▸ EXERCISE AIM:
An exact transcription is needed of the lines below from the one with "Nutcracker Embroidered Throw" through the one with "Learn Japanese contiene", with no other lines and no pictures.

(Recorded data)
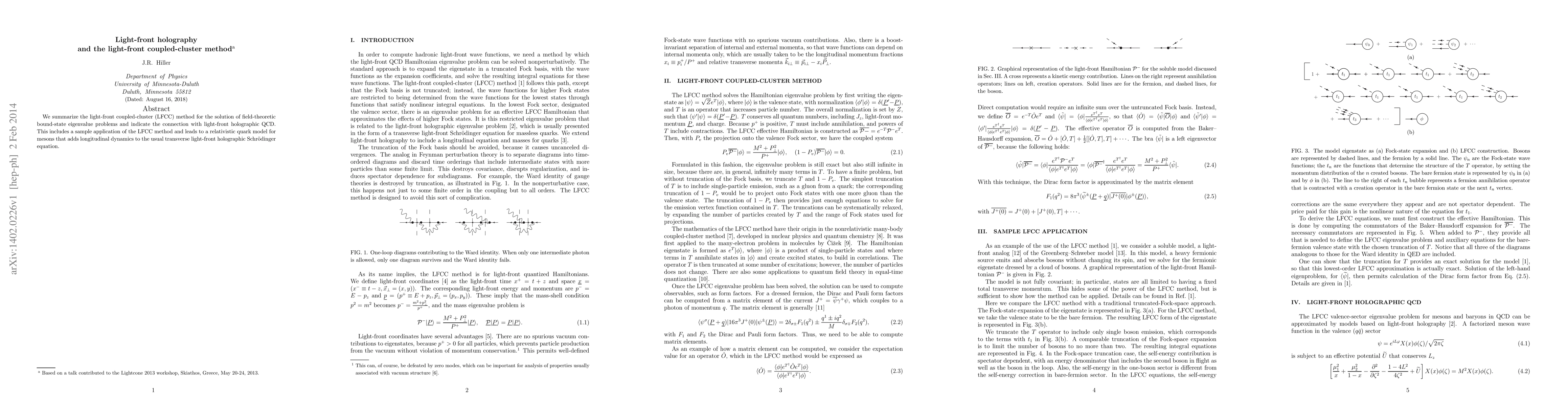 We summarize the light-front coupled-cluster (LFCC) method for the solution of field-theoretic bound-state eigenvalue problems and indicate the connection with light-front holographic QCD. This includes a sample application of the LFCC method and leads to a relativistic quark model for mesons that adds longitudinal dynamics to the usual transverse light-front holographic Schrodinger equation.
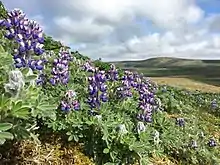 In New Zealand, where it is known as the Russell lupin, Lupinus polyphyllus is classed as an invasive species[13][14] and covers large areas next to roadsides, pastures and riverbeds, especially in the Canterbury region. It is documented as being first naturalised in 1958 and it has been suggested that tour bus drivers deliberately spread seeds of the plant to promote colourful roadside vegetation in areas which some tourists may consider to be rather drab. The plant threatens indigenous species especially when it invades the braided river beds in the South Island.[14]
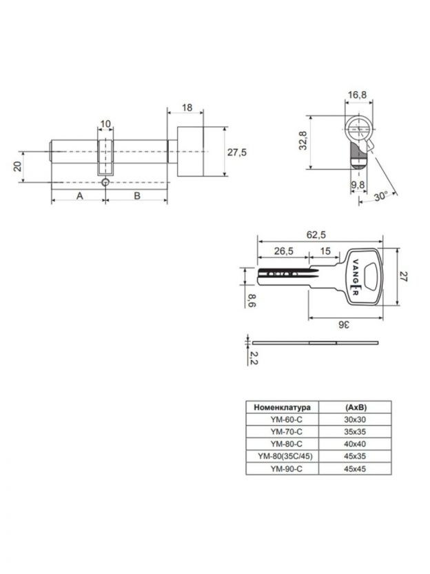 Личинка замка двери Vanger, YM-90-C-CR, 33934, 90 мм, с заверткой, никель
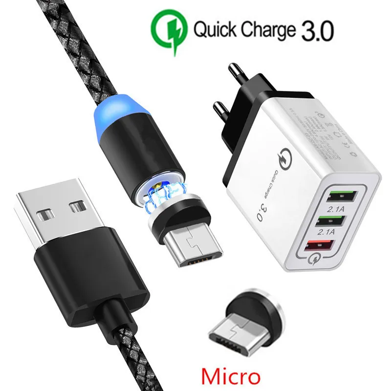 Магнитное зарядное устройство с Micro USB кабелем и QC 3,0 USB быст...
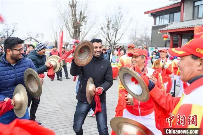 2月24日,天津市宝坻区推出元宵节系列活动。图为外国游客体验中国传统民俗。天津市宝坻区委宣传部供图
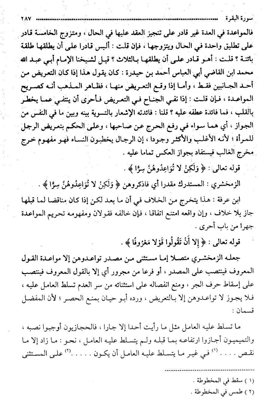جلعها الزمخشري متصلا أمّا مستثنى من مصدر «تُوَاعِدُوهُنَّ» أي إلاّ مواعدة القول المعروف فينتصب على المصدر أو مفرعا من مجرور أي إلاّ بالقول المعروف فينتصب على إسقاط حرف الجر، ومنع انفصاله على استثنائه من «سِرّا» لعدم تسلّط العامل عليه فلا يجوز: لاَ تُوَعِدُوهُنّ إِلاّ التعريض.
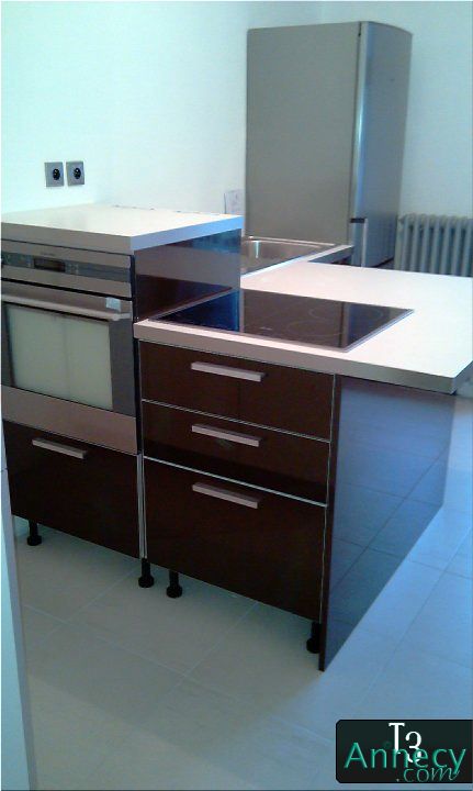Positionnement du four à vapeur, de la table induction, avant fixation définitive.
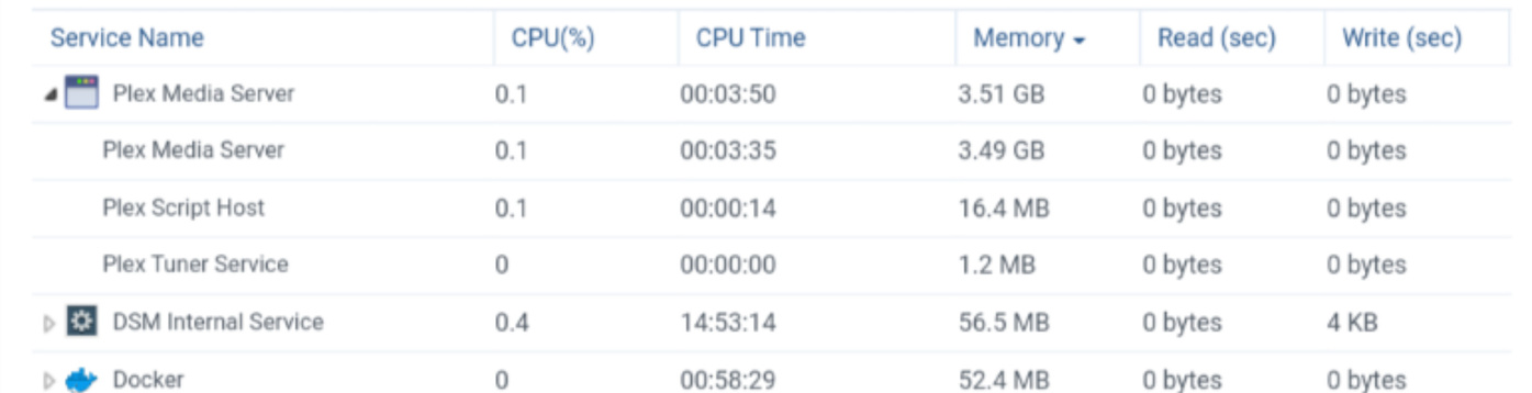 Curiously, starting at around 8pm last night DSM shows total memory usage was gradually reduced and it seems that’s all/mostly from Plex - the Plex Server is only using 1.32GB - less than it does at first startup!
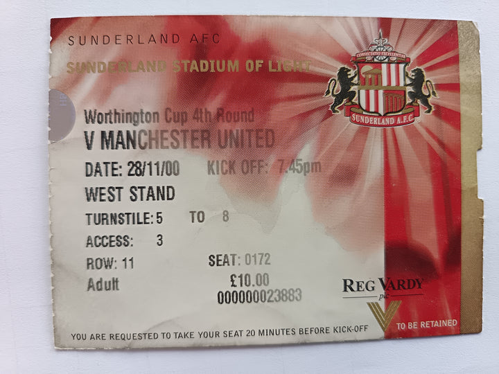 Match Ticket Sunderland v Manchester United Worthington Cup 2000/01
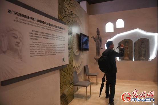 观众在龙门石窟微痕浅浮雕三维建模及纹饰图案的自动理解与建库检索展位拍摄。光明网记者 潘迪/摄
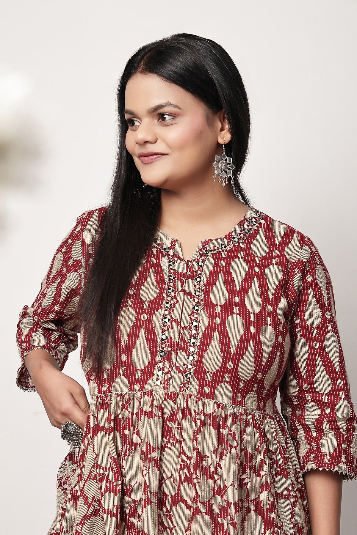 Pair this kurti with straight pants, leggings, or even wear it as a standalone midi dress for a chic Indo-fusion look. Add statement earrings and block heels for a festive vibe or keep it minimal with flats for an easy day-out ensemble. Perfect for new moms, it’s a stylish yet functional piece you’ll reach for again and again.
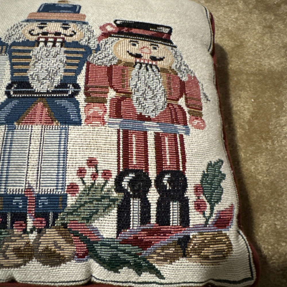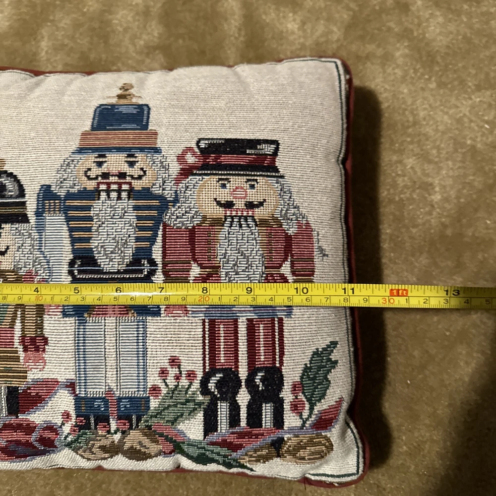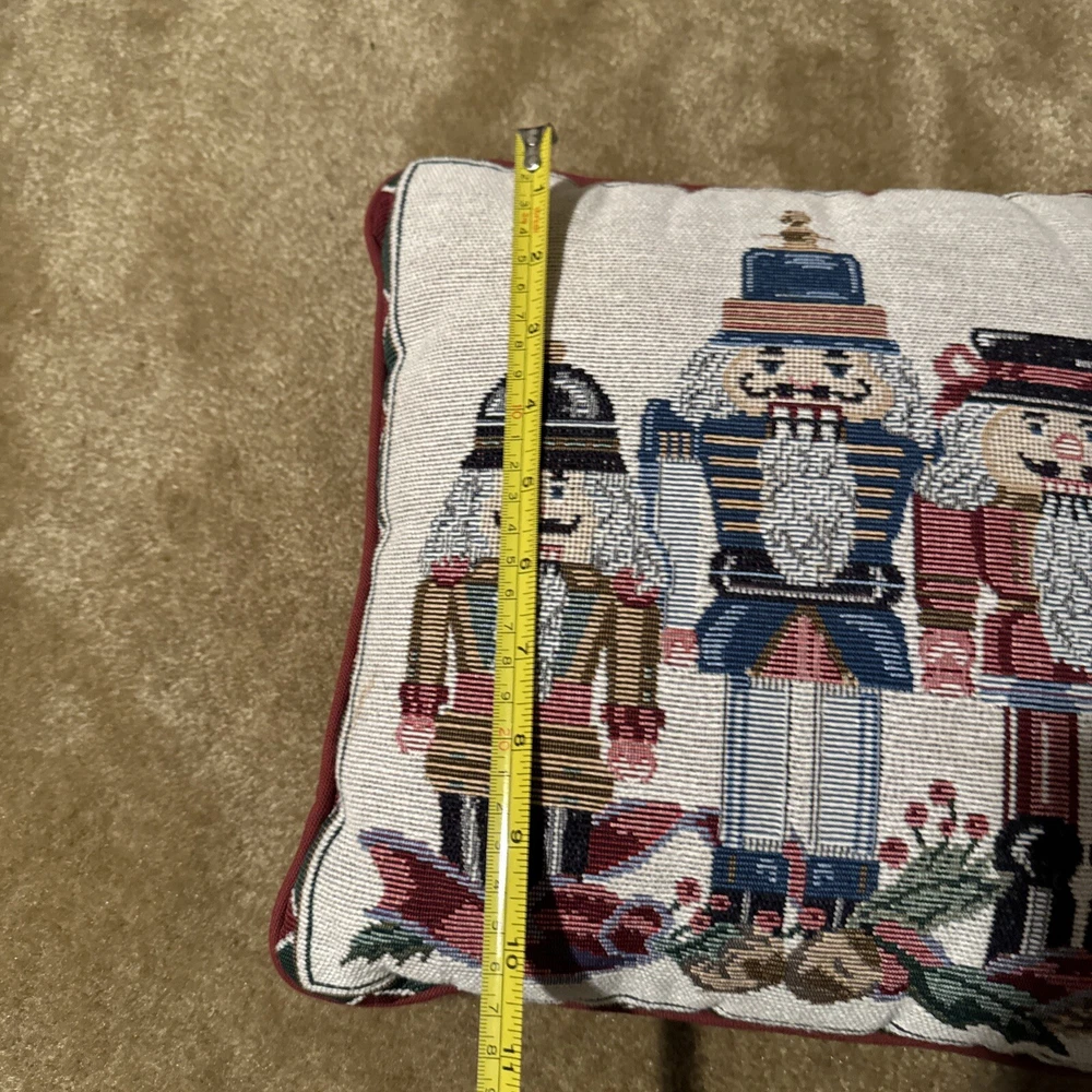 Nutcracker Embroidered Throw Accent Pillow Christmas Decor. It is in great vintage preowned conditions. Some free home. Normal wear associated age. Sold as is. Price accordingly. Please look over carefully and inspect any and all photos. Please review all of the photos because they are integral to the item description process. This is a vintage item, it may have minor flaws that I may have overlooked. Please see pictures for a more detailed description and measurements. Some pictures are enlarged to show detail. Please let me know if you have any questions. Thank you so much for stopping by.
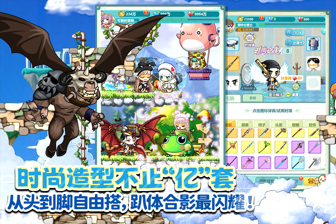 游戏里的装备总共有六件,通过野外打怪、挑战boss、商店兑换、打造都可以获取到,并且装备更换以后支持强化等级继承,材料和宝石通过日常活动就可以免费获得。游戏的时装也是五花八门非常好看,而且时装与数值之间不绑定,只要穿上时装就有数值加成,和穿戴的造型无关,让大家做最个性最靓的崽。
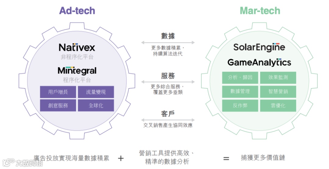 拓展能力边界,主要在于Adtech+Martech双轮驱动的布局。
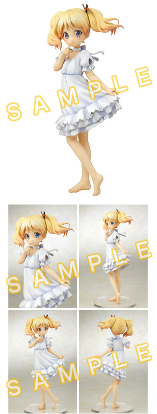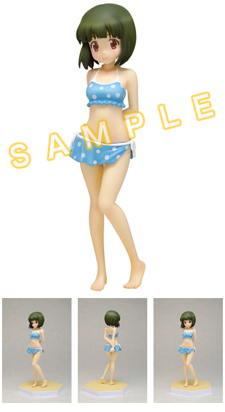 外国(&金髪少女)に強い憧れがある忍を、イメージカラーでもある青色の水玉の水着で、優しく天然な彼女らしく穏やかにフィギュア化いたしました。
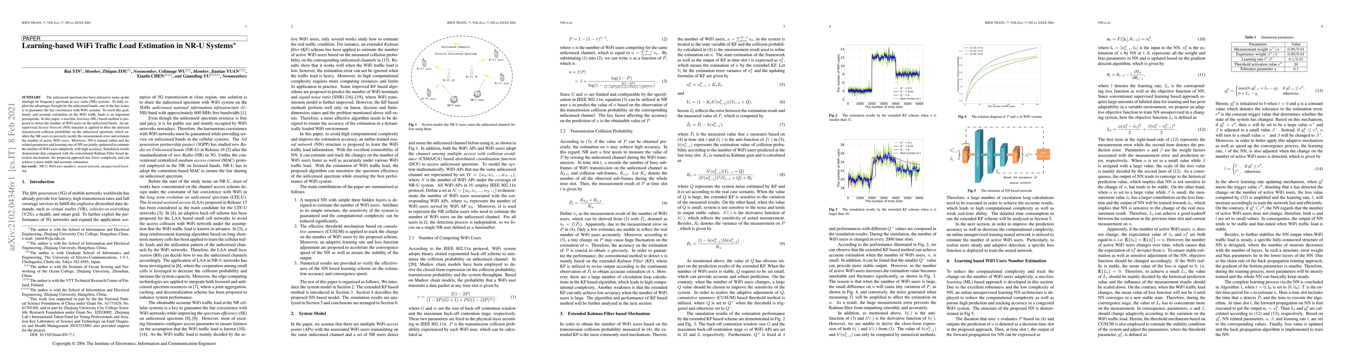 A machine learning-based method is proposed to estimate WiFi traffic loads in unlicensed spectrum for NR systems, achieving more accurate and stable estimations than traditional methods.
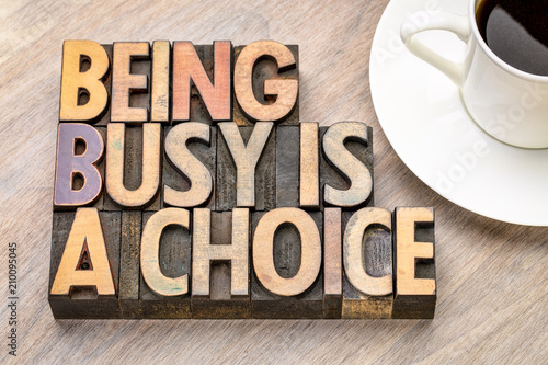 being busy is a choice - word abstract in wood type
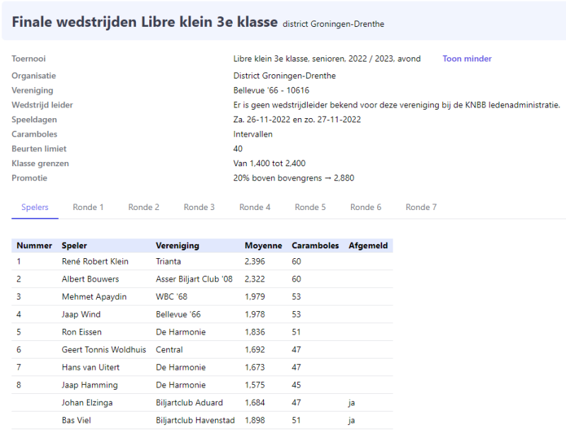 De finale wordt op 26 en 27 november bij biljartvereniging Bellevue in Assen gespeeld.
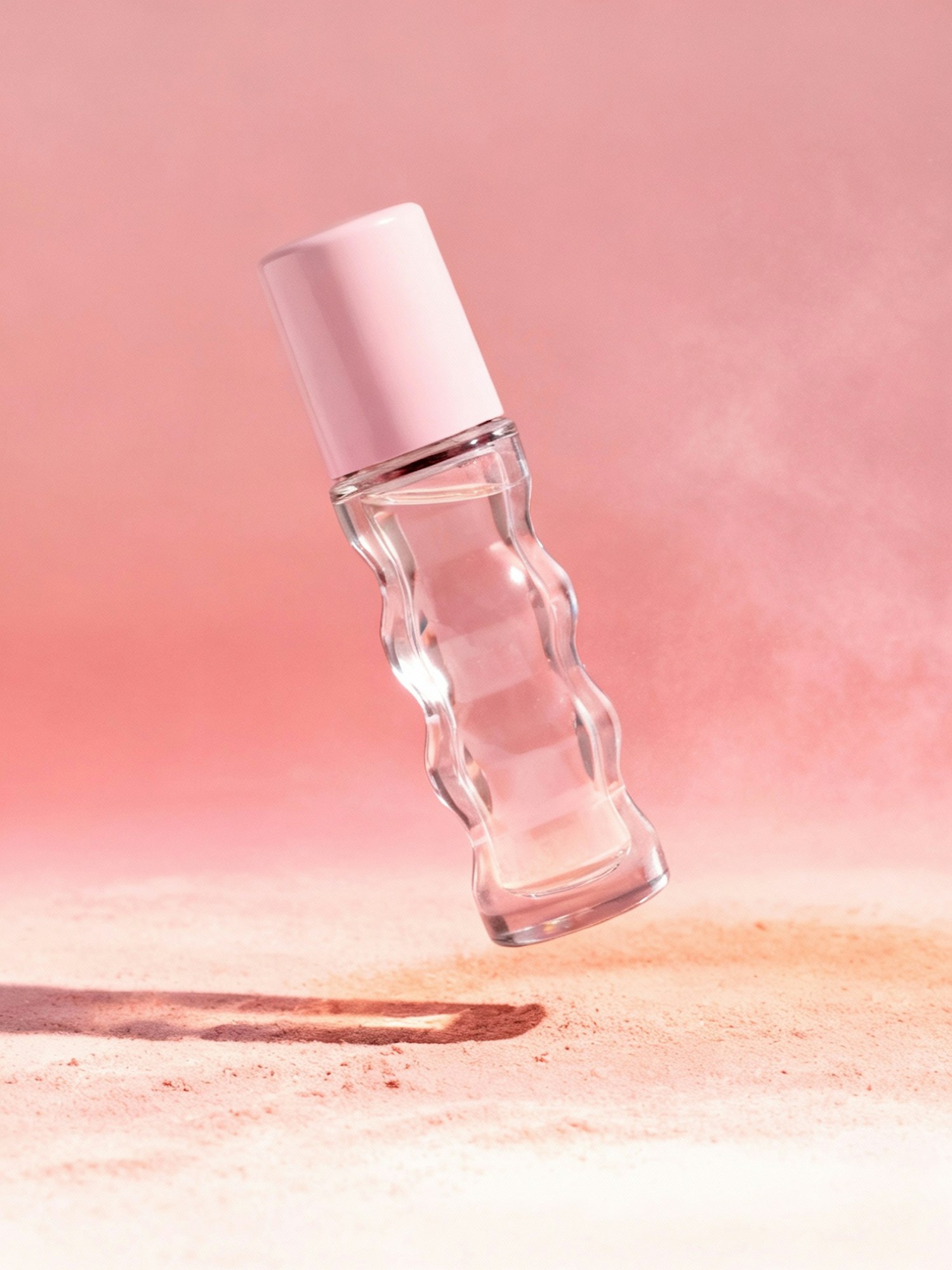 A clear wavy glass bottle with a pink cap floats against a soft pink background, casting a shadow on a textured surface below.
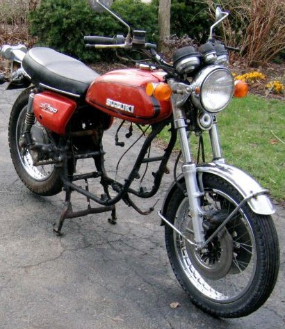 The front end of a GT750 is quite nice, in a dated sort of way. The large instruments and chrome headlight look very cafe racer like and naked fork legs mimic Ceriani forks of the sixties. Not a bad start, but not the look we were after. I poured over dozens of photographs in books and on the web looking for the perfect Flat Track look, and surprise surprise it didn't exist. There are a couple of nice front numberplates on some, but they all make those skinny forks look spindly and weedy. I finally realized that the look I was after was a cross between the simplicity of a Triumph twin, but in a more updated style, and a German or Dutch Streetfighter with that sleek, smooth look, but without the extremely wide USD forks. So the design intent was simple as an old Triumph TT bike and as sleek as a modern Streetfighter. Not much to ask. |
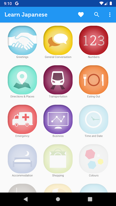 Learn Japanese contiene aproximadamente 400 frases esenciales en 6 categorías
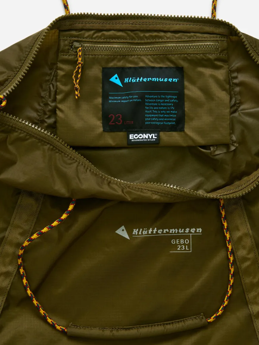 Lightweight, technical tote bag from Swedish mountaineering brand Klättermusen. Perfect for everyday use, it is detailed with two padded carrying handles that runs in a tunnel, so the bag can be compressed and worn over one shoulder. Made from a durable ripstop fabric of polyamide, with a fluorcarbon-free coating for water-repellent properties. The tote is packable, it can be tucked away in the small inside pocket. Large zip opening. Weight 127 g. Capacity 23 litres. Dimensions 46.5 x 44 x 16 cm.

▸ YOUR RESPONSE:
 Nutcracker Embroidered Throw Accent Pillow Christmas Decor. It is in great vintage preowned conditions. Some free home. Normal wear associated age. Sold as is. Price accordingly. Please look over carefully and inspect any and all photos. Please review all of the photos because they are integral to the item description process. This is a vintage item, it may have minor flaws that I may have overlooked. Please see pictures for a more detailed description and measurements. Some pictures are enlarged to show detail. Please let me know if you have any questions. Thank you so much for stopping by.
 游戏里的装备总共有六件,通过野外打怪、挑战boss、商店兑换、打造都可以获取到,并且装备更换以后支持强化等级继承,材料和宝石通过日常活动就可以免费获得。游戏的时装也是五花八门非常好看,而且时装与数值之间不绑定,只要穿上时装就有数值加成,和穿戴的造型无关,让大家做最个性最靓的崽。
 拓展能力边界,主要在于Adtech+Martech双轮驱动的布局。
 外国(&金髪少女)に強い憧れがある忍を、イメージカラーでもある青色の水玉の水着で、優しく天然な彼女らしく穏やかにフィギュア化いたしました。
 A machine learning-based method is proposed to estimate WiFi traffic loads in unlicensed spectrum for NR systems, achieving more accurate and stable estimations than traditional methods.
 being busy is a choice - word abstract in wood type
 De finale wordt op 26 en 27 november bij biljartvereniging Bellevue in Assen gespeeld.
 A clear wavy glass bottle with a pink cap floats against a soft pink background, casting a shadow on a textured surface below.
 The front end of a GT750 is quite nice, in a dated sort of way. The large instruments and chrome headlight look very cafe racer like and naked fork legs mimic Ceriani forks of the sixties. Not a bad start, but not the look we were after. I poured over dozens of photographs in books and on the web looking for the perfect Flat Track look, and surprise surprise it didn't exist. There are a couple of nice front numberplates on some, but they all make those skinny forks look spindly and weedy. I finally realized that the look I was after was a cross between the simplicity of a Triumph twin, but in a more updated style, and a German or Dutch Streetfighter with that sleek, smooth look, but without the extremely wide USD forks. So the design intent was simple as an old Triumph TT bike and as sleek as a modern Streetfighter. Not much to ask. |
 Learn Japanese contiene aproximadamente 400 frases esenciales en 6 categorías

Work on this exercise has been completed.